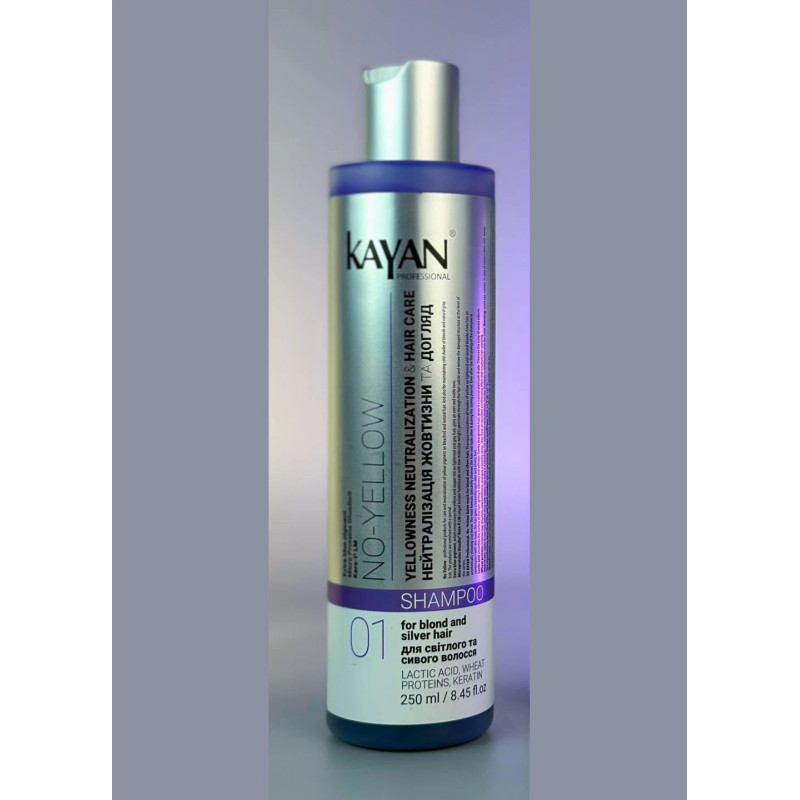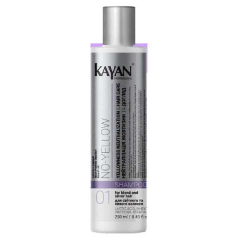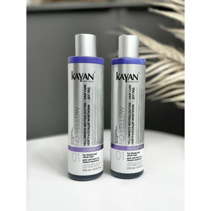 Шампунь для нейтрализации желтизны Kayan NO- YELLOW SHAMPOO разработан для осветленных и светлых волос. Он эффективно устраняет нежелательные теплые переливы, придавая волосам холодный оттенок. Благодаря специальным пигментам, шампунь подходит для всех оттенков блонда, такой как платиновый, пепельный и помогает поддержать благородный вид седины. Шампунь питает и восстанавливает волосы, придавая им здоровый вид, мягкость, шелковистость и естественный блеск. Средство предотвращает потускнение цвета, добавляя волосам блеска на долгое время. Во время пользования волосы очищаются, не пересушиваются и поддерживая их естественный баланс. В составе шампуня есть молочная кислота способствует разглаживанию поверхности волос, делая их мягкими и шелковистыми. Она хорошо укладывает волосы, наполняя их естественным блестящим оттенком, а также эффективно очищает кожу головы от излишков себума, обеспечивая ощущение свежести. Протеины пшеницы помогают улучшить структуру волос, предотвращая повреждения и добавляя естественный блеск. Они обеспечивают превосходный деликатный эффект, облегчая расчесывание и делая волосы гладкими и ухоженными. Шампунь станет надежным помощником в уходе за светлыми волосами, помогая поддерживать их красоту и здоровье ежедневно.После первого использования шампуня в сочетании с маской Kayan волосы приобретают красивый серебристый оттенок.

##############################

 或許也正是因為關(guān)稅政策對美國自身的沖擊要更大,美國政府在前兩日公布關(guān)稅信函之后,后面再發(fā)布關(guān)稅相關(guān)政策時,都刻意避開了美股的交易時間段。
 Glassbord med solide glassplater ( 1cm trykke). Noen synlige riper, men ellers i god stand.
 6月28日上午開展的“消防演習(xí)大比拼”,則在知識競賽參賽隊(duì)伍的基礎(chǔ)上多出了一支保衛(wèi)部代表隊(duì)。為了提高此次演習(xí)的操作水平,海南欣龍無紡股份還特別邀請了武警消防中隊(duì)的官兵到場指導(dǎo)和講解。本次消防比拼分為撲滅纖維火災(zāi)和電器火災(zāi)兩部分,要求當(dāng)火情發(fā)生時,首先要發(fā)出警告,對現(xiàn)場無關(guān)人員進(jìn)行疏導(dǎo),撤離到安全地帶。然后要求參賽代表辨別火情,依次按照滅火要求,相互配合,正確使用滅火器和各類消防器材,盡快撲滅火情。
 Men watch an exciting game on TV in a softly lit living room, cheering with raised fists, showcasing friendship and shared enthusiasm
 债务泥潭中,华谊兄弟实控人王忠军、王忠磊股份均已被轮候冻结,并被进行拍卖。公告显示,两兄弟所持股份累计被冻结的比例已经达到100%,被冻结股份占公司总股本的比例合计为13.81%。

##############################

Problem to work on: Return word for word the lines above from the line with "或許也正是因為關(guān)" to the line with "Glassbord med solide", including both and leaving out all others.

Result of this task:
 或許也正是因為關(guān)稅政策對美國自身的沖擊要更大,美國政府在前兩日公布關(guān)稅信函之后,后面再發(fā)布關(guān)稅相關(guān)政策時,都刻意避開了美股的交易時間段。
 Glassbord med solide glassplater ( 1cm trykke). Noen synlige riper, men ellers i god stand.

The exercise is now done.